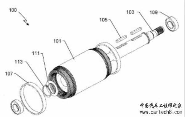 特斯拉汽车主要对电动机的转子进行了一系列的改进,以求能使它来够实现特斯拉汽车的要求,下图就是那个专利的转子:
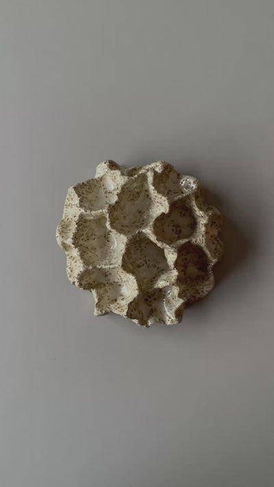 Den smukke, skulpturelle koral til væggen fra Clay By Bond har et organisk udtryk med bølgende former og dybe kløfter. Væg korallen er glaseret med en beige/brun glasur, der skaber masser af liv og dybde på overfladen.
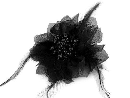 Veľká elegantná brošňa je vyrobená z jemného šifónu, ktorý pripomína kvetinu, a jej stred je zdobený perím a trblietavými brúsenými korálkami, ktoré jej dodávajú luxusný vzhľad.

•••

_EXERCISE PROMPT_
Keep every word of the lines above unchanged in the copy, and omit the pictures.

_OUTPUT FOR THIS EXERCISE_
 特斯拉汽车主要对电动机的转子进行了一系列的改进,以求能使它来够实现特斯拉汽车的要求,下图就是那个专利的转子:
 Den smukke, skulpturelle koral til væggen fra Clay By Bond har et organisk udtryk med bølgende former og dybe kløfter. Væg korallen er glaseret med en beige/brun glasur, der skaber masser af liv og dybde på overfladen.
 Veľká elegantná brošňa je vyrobená z jemného šifónu, ktorý pripomína kvetinu, a jej stred je zdobený perím a trblietavými brúsenými korálkami, ktoré jej dodávajú luxusný vzhľad.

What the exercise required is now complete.